### Given data

--------------------

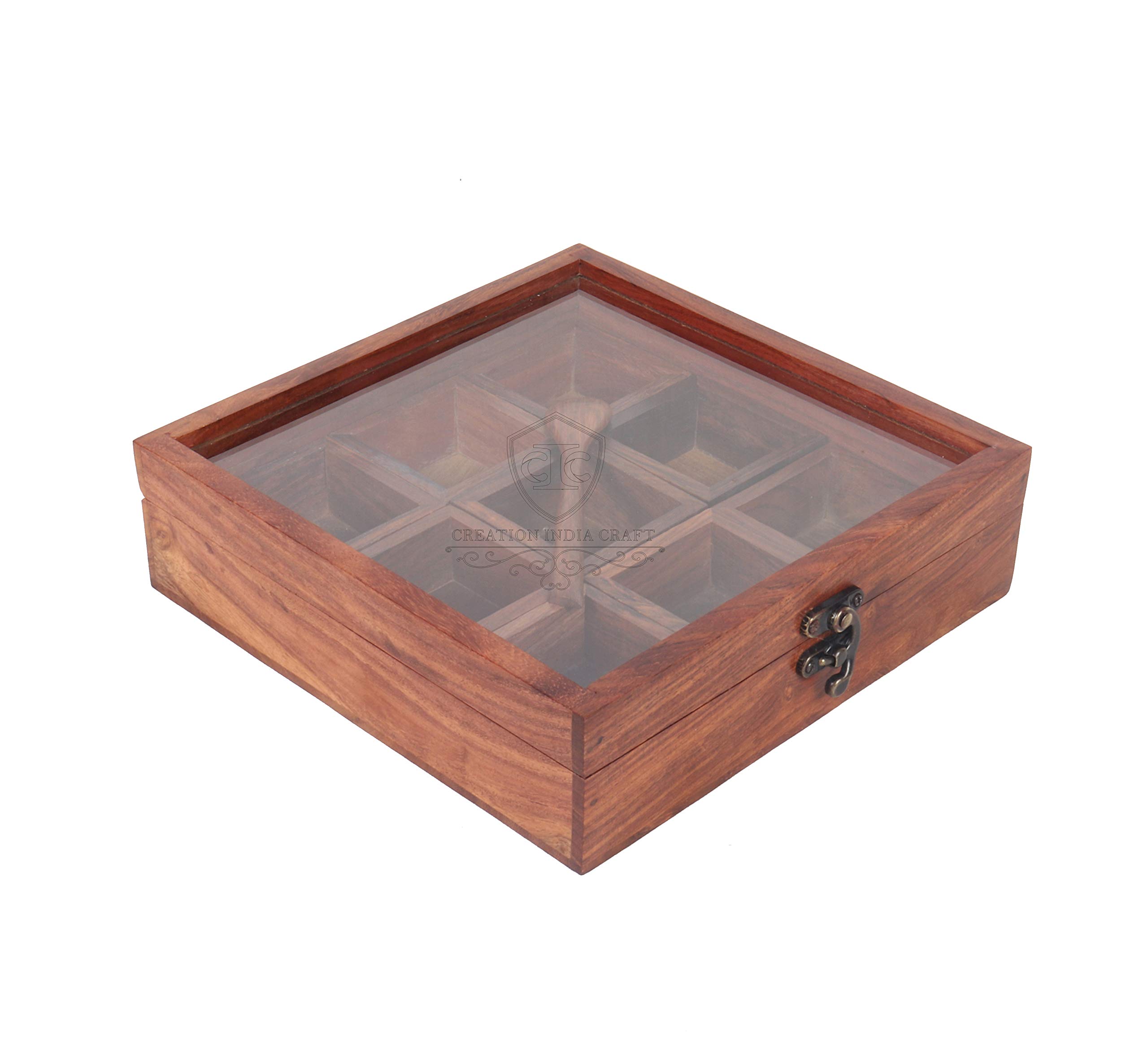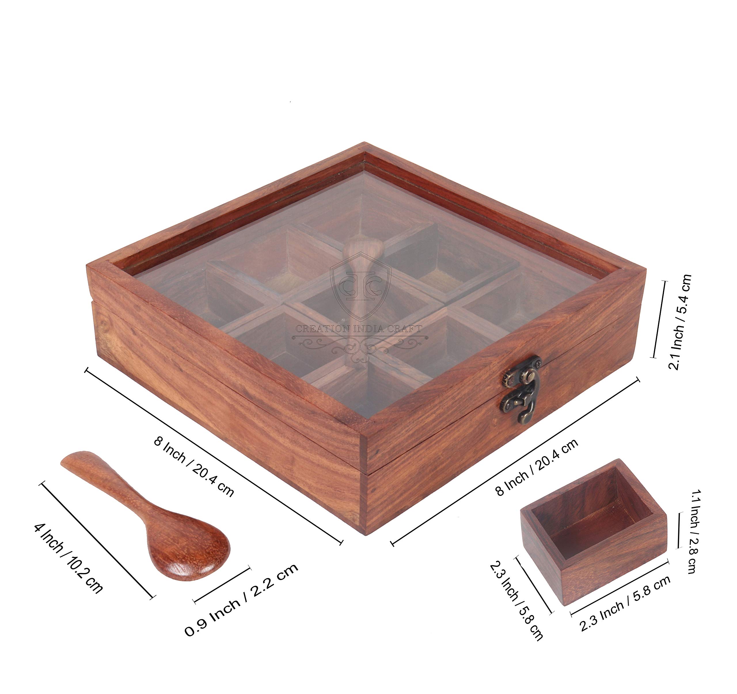 • Attractive Design: Crafted from pure Sheesham Wood this spice box features an attractive design. It's not only a stylish addition to your kitchen but also a safe and eco-friendly choice. It helps keep your spices and dry goods fresher for longer and serve
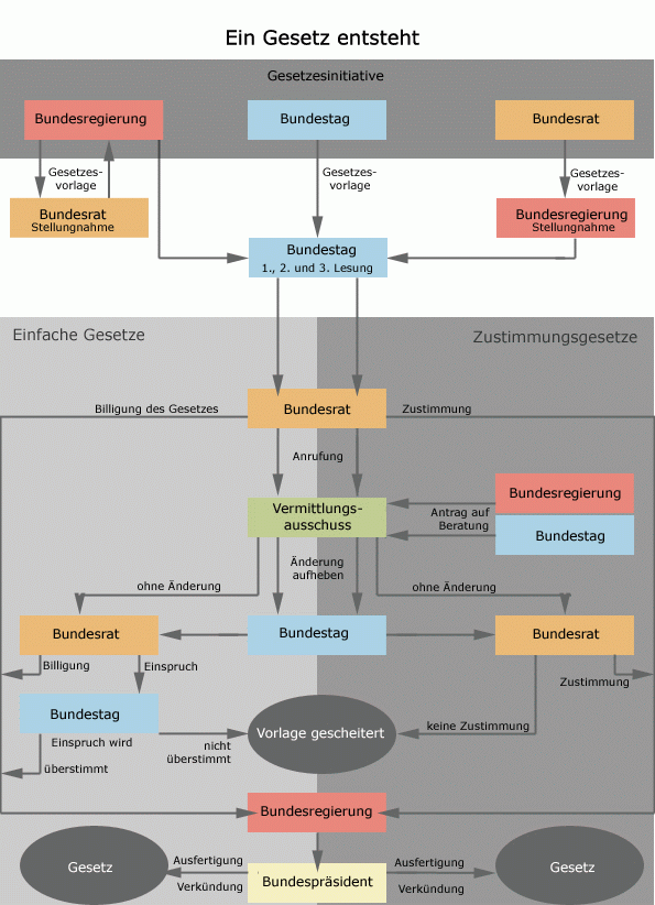 Damit wird ein Verfahren in Gang gesetzt, das die ursprüngliche Gesetzesidee zu Gesetzestexten formuliert und anschließend durch Abstimmung im Bundestag und Bundesrat verabschiedet wird. Mit der Unterschrift des Bundespräsidenten wird das Gesetz ausgefertigt und im Bundesgesetzblatt verkündet.
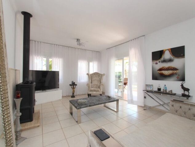 El chalet tiene una orientación sur y entre sus equipaciones, dispone de calefacción central, doble acristalamiento, estufa de leña y aire acondicionado.
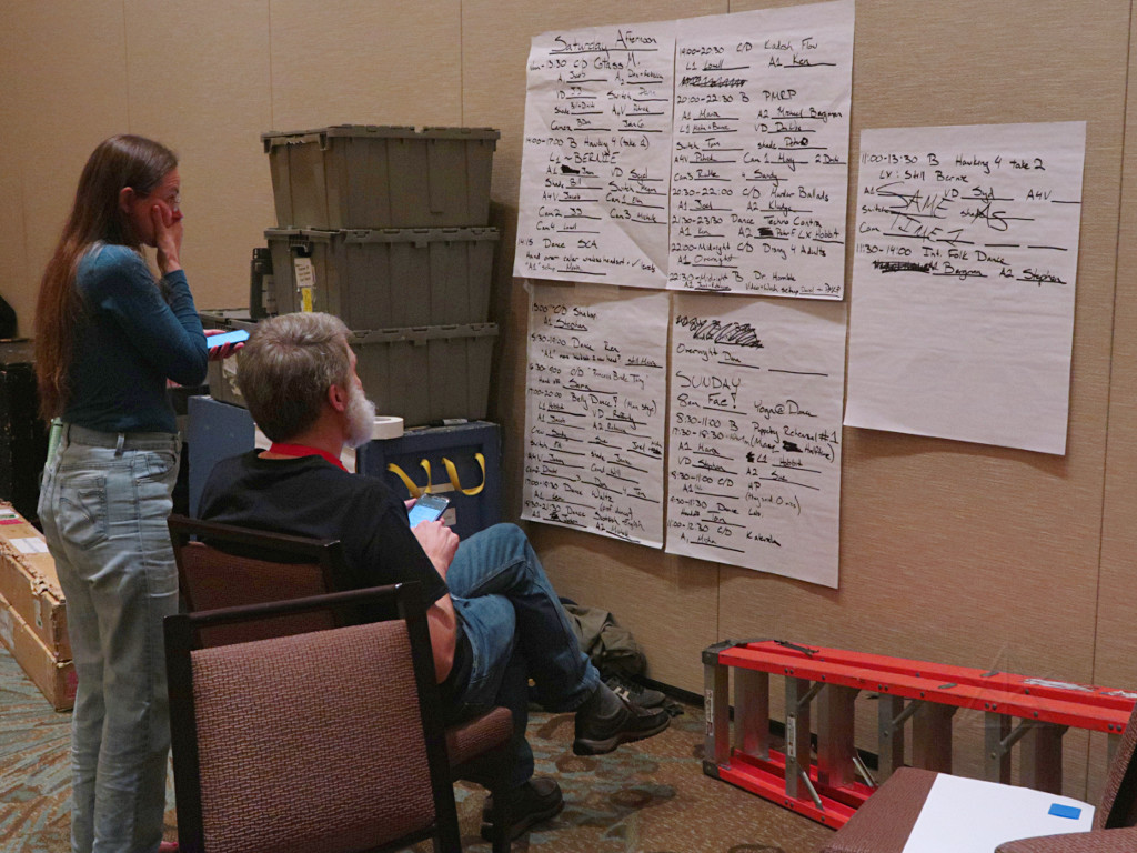 I was actually rather pleased with how Bellydance turned out; if anything the Rokboxes were throwing more light on the dancers than the main rig, and looked a whole lot better than boring old tungsten warm/cool. The low "shinkicker" angle was also entirely appropriate, for a dance style traditionally illuminated from fires on the ground, and the dancers were sort of framed by their own imposingly tall shadows out at the edges of the cyc. I could also get plenty of punchy color on them, because that's what multi-emitter LEDs are great for. By dumb luck, perhaps, a reasonable stage picture, and since nobody else seems to have captured any of it either, the only record I would likely ever have would be the video once it got processed and released. I still wanted to get a better handle, so to speak, on setting up the board. I had another event coming up where I'd need to do more things on the fly, and wanted more of the rig immediately functional to do that. An in-depth chat with Daniel later that evening gave me some good ideas. |

--------------------

### Assigned task
Exact repetition required: repeat the first line of the listing above, the line containing "El chalet tiene", and every line between, leaving out pictures.

### Response to the task
 • Attractive Design: Crafted from pure Sheesham Wood this spice box features an attractive design. It's not only a stylish addition to your kitchen but also a safe and eco-friendly choice. It helps keep your spices and dry goods fresher for longer and serve
 Damit wird ein Verfahren in Gang gesetzt, das die ursprüngliche Gesetzesidee zu Gesetzestexten formuliert und anschließend durch Abstimmung im Bundestag und Bundesrat verabschiedet wird. Mit der Unterschrift des Bundespräsidenten wird das Gesetz ausgefertigt und im Bundesgesetzblatt verkündet.
 El chalet tiene una orientación sur y entre sus equipaciones, dispone de calefacción central, doble acristalamiento, estufa de leña y aire acondicionado.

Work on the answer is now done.